Stephan:  Biased, sure. But the core points in this report are accurate. While we have been enriching the top 2 per cent in our society, eschewing banal things like rebuilding an infrastructure that dates back to Depression programs, and post WW II building. America's problems arise from its own choices not external forces.

For the frequent traveler, there is a stark dichotomy across the world.

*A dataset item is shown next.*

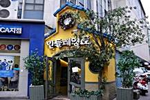 ソウルの繁華街にある風変わりなカフェ。学生や若者に人気!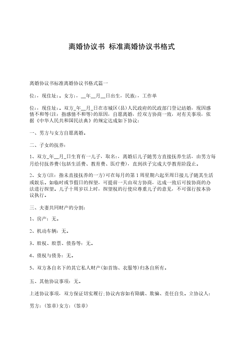 以上二协议人于______年______月______日在______人民政府办理结婚登记手续。婚后于______年______月______日生育一儿子,取名______,现已参加工作。二协议人在婚后共同生活中性格不合,无共同语言、爱好,现无法共同生活,夫妻感情确已破裂,又无和好可能,二协议人经慎重考虑,自愿达成如下离婚协议:

Almost without exception, traveling with an Asian carrier to any Asian airport is a pleasure. In contrast, using any airline domiciled in Europe or North America with passage through airports in that part of the world is stunningly inconvenient. Your plane for one – the Asian carriers’ jet, like its European counterpart, was assembled either in Seattle or in Toulouse, France, but it is a million miles away from the aircraft you are used to flying within Europe or North America. Plonk yourself down on a suspiciously comfortable seat and there is the large television panel with an array of entertainment. Great food, courteous service. And then you remember, this is the ‘economy’ class, which beats the ‘business’ class on any European or American airline. Deplane and walk past the immigration without much fuss; as you reach the baggage belts you are shocked to find your checked-in baggage already there. Then you look up and see rows of baggage belts in either direction, all quietly whirring away and depositing their contents with an almost sinister efficiency. Recovering from the shock, you recall the last time […]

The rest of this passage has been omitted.